Соня! Вот он, секрет!

— Но у вас же не было детей! — восклицает вошедшая в этот момент Иветт.

— А вы что об этом знаете? — огрызается он. — Моя жена была бесплодна, а я… я был бабником, — бормочет дядя. — Я не мог устоять перед хорошенькой женщиной (прошу прощения, Жюсти), ну и, иногда… несколько раз оплошал, чего уж там.

— Несколько раз?! — с нажимом спрашивает Лорье.

— Раньше таблеток не было! — протестует дядя. — А что до презервативов, то я…

— Ферни!
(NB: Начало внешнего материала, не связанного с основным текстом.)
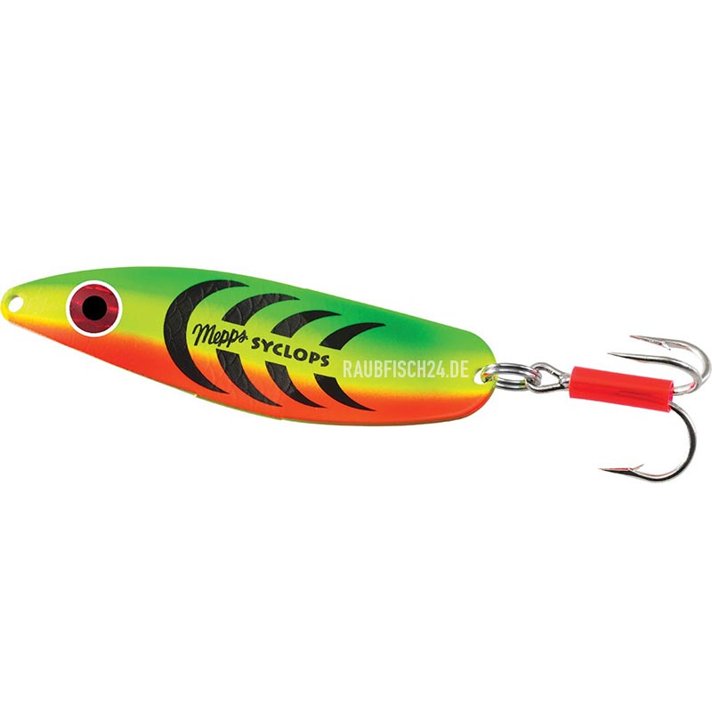 Der Mepps Syclops ist ein 3.8 cm langer Blinker. Er wiegt 5 Gramm, was ihm in Kombination mit der schmalen Form gute Flugeigenschaften verschafft.
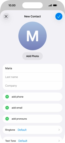 Follow the instructions on the screen to add more information such as an email address and a personal ring tone.
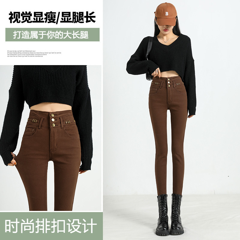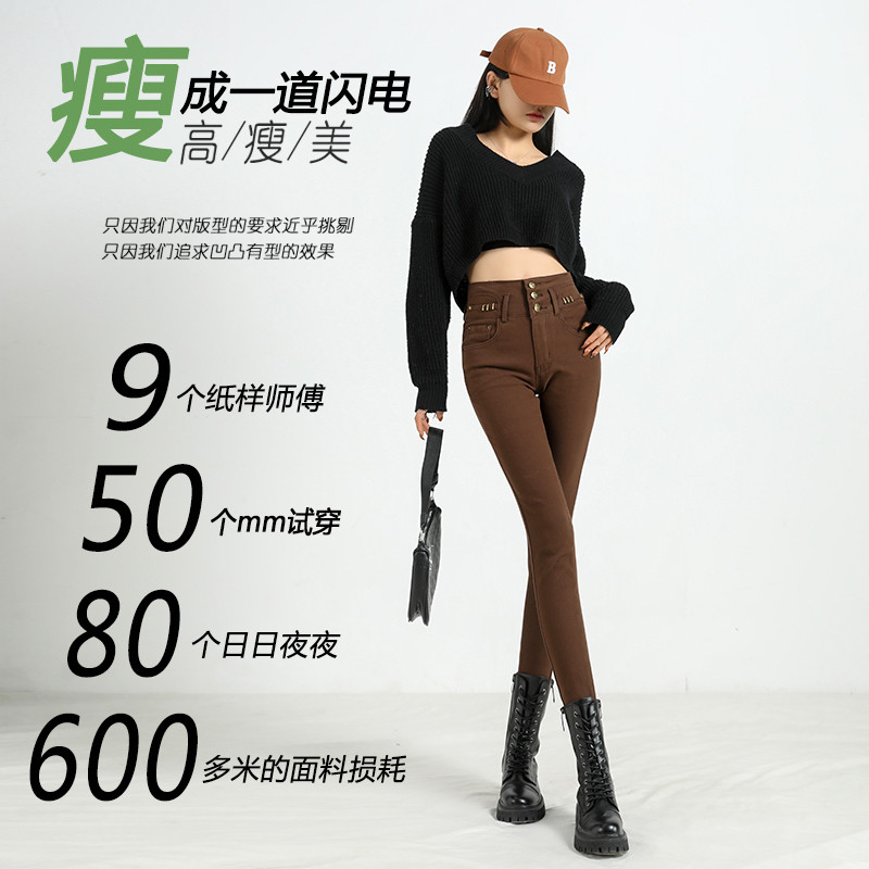 Curry small feet jeans women 2023 fall new high waist elastic body to be slim fit outside wearing pencil pants-Taobao
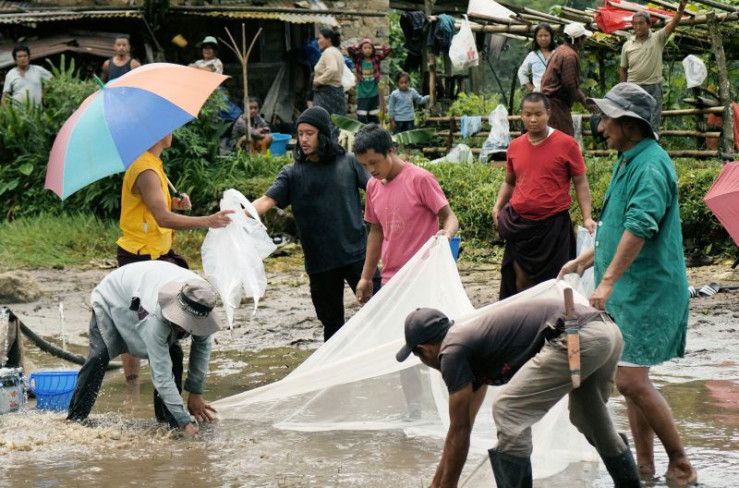 Mönche beim Ritual für die Rettung der Fische.
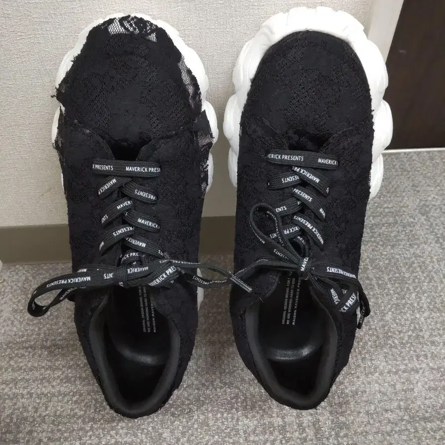 애쉬 레이스 소재 블랙 스니커즈 통굽
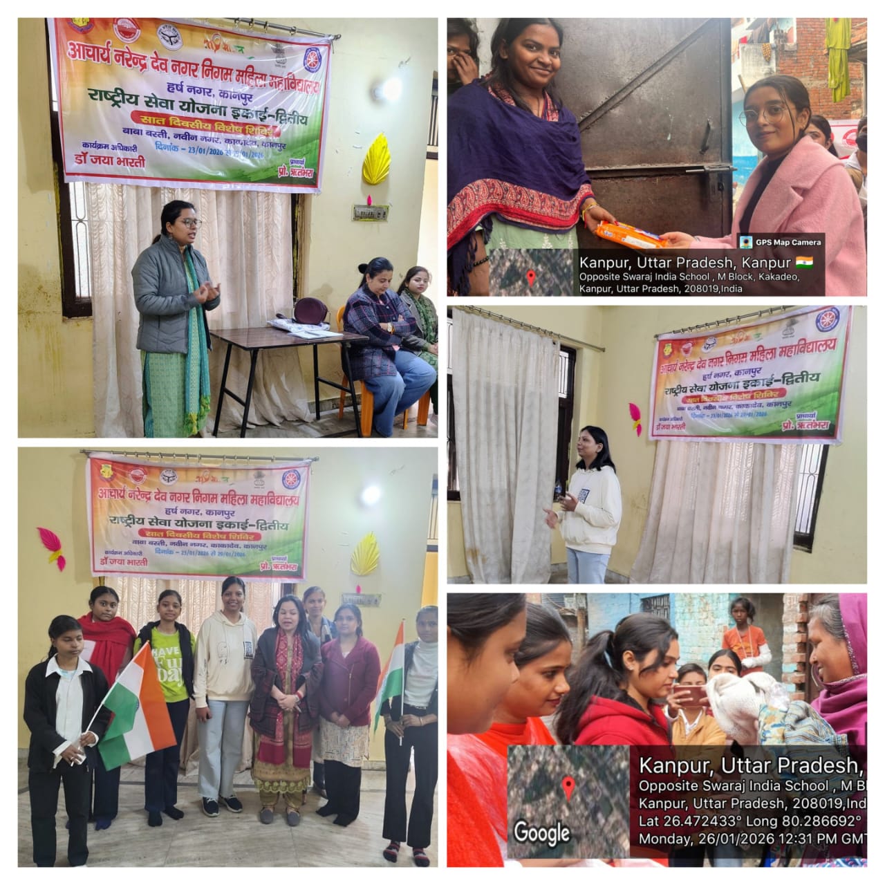 The Seven-Day Special NSS Camp was successfully organized from 23 January to 29 January 2026 at Asha Ki Kiran Foundation, Kakadev / Baba Basti, Kanpur. Each day of the camp began with yoga and Zumba sessions, promoting physical fitness, mental well-being, discipline, and enthusiasm among the volunteers.
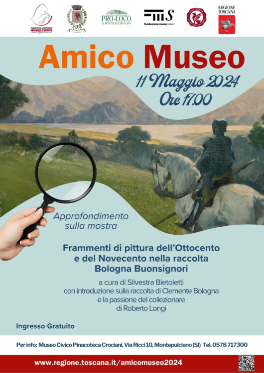 MONTERIGGIONI. Segnaliamo gli eventi previsti per questo fine settimana al Museo Civico Pinacoteca Crociani di Montepulciano. Sabato 11 maggio, alle ore 17.00 si terrà l’evento gratuito per l’edizione 2024 di Amico Museo. Quest’anno il tema scelto da Regione Toscana è “Musei per la didattica e la ricerca”. Per tale ricorrenza, il Museo prevede un approfondimento sulla mostra temporanea “Da Palizzi a Severini. Pittori italiani tra Ottocento e Novecento nella raccolta Bologna Buonsignori” a cura di Silvestra Bietoletti e del Direttore Roberto Longi. Gino Severini, Filippo Palizzi, Lionello Balestrieri, Angiolo Tommasi, Giuseppe Stuart, Giuseppe Viner, Aleardo Paolucci, Paride Pascucci sono alcune delle firme che compongono la ricca collezione Bologna Buonsignori che può essere ammirata fino al prossimo 23 giugno. Una mostra che consente di ammirare il lavoro di artisti che, pur attraversando fasi e stili diversi, rappresentano un patrimonio significativo della pittura italiana a cavallo tra ‘800 e ‘900. Al termine della mostra guidata, seguirà un piccolo rinfresco offerto dalla Pro Loco, con i vini offerti dal Consorzio del Vino Nobile di Montepulciano.
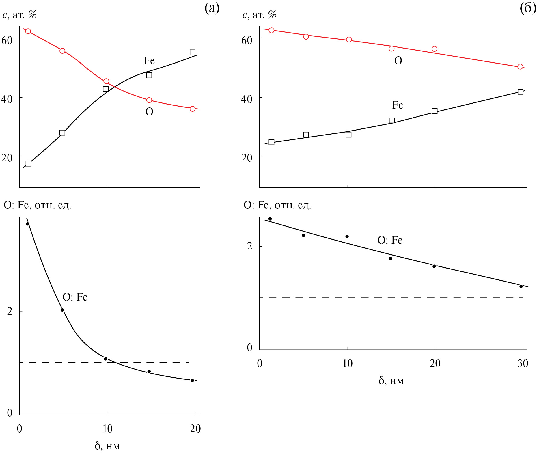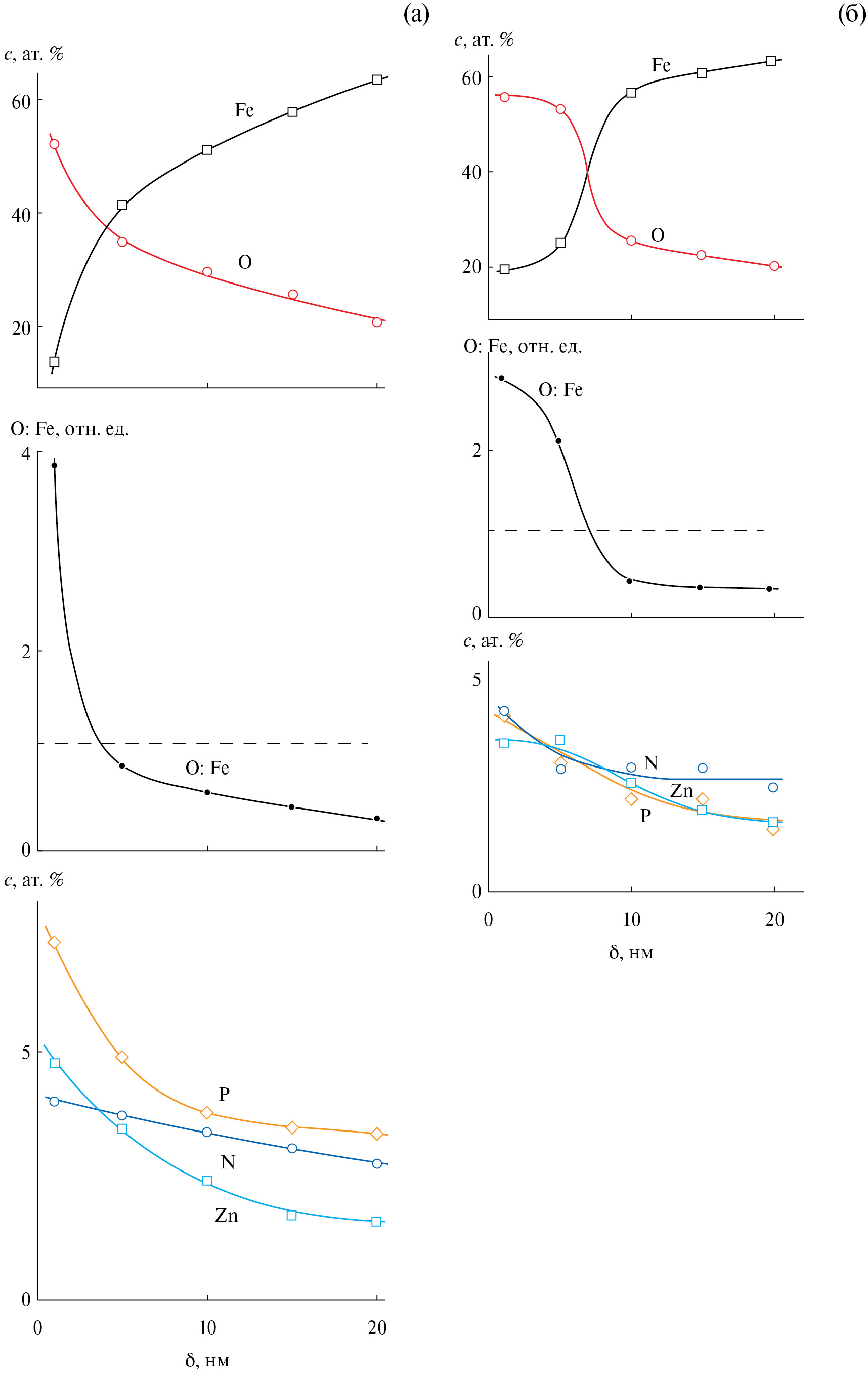 На поверхности пассивной пленки (δ = 1 нм) на образце, поляризованном в ББР с добавкой 1.4 ммоль/дм3 I– и 5 г/дм3 ZnNTP при Ер = –0.10 В (рис. 7a), доля железа составляет ~ 15 ат.%, доля кислорода – ~ 53 ат.%. На образце, поляризованном в ББР с добавкой 1.4 ммоль/дм3 Br– и 5 г/дм3 ZnNTP при Ер = –0.10 В (рис. 7б), эти величины составляют ~ 20 ат.% и ~ 57 ат.% соответственно. Для обоих образцов доля Fe повышается до ~ 65 ат.% на глубине 20 нм, а доля О снижается до ~ 20 ат.%. Эти изменения для пленок, сформированных в йодидсодержащих средах, носят более плавный характер, чем в бромидсодержащих средах. Условная толщина оксидно-гидроксидной части пленки, сформированной в присутствии I– и ZnNTP, с мольным соотношением Fe:O 1:1 составляет 4–5 нм; пленки, сформированной в среде Br– и ZnNTP, – 7–8 нм.

Может быть, ты обсудишь это со старшиной Лорье с глазу на глаз? — решительно предлагает Жюстина.

— Ты права.

— А черт, только нам стало интересно! — восклицает Ян.

— Сволочь! — повторяет Пайо. — Когда я поговорю со старшиной, тебе станет не до смеха.

— Тихо! — командует Лорье. — Морель, отвяжите подозреваемого, дайте ему пить и наблюдайте за ним. Пайо, следуйте за мной, я должен задать вам ряд вопросов.

Хлопает дверь.

13

— Никогда бы не подумала! — во вновь наступившей тишине говорит Франсина. — Такой примерный человек…

— У мужчин одно на уме, — заявляет Иветт. — Ну… конечно, я не имею в виду моего Жана…

— Мне вас жаль! — говорит Ян. — У меня совершенно затекли руки! Кто-нибудь, дайте мне попить, пожалуйста.

Я рассеянно слушаю их разговоры. Моя дядя — отец Сони! Ладно. Но кто же мать? Жюстина? Нет, у Жюстины не было никаких причин бросать своего ребенка, она не замужем, и ее мало волнуют сплетни. Значит, какая-то замужняя женщина.

— И в котором же часу мы, со всем этим кошмаром, сможем поесть? — причитает Франсина. — Мне хотелось бы вначале покормить пансионеров.

— Надо дождаться распоряжений шефа, — отвечает ей Морель.

— Не смешите меня, мальчик мой. Я не стану дожидаться его разрешения, чтобы накормить моих постояльцев!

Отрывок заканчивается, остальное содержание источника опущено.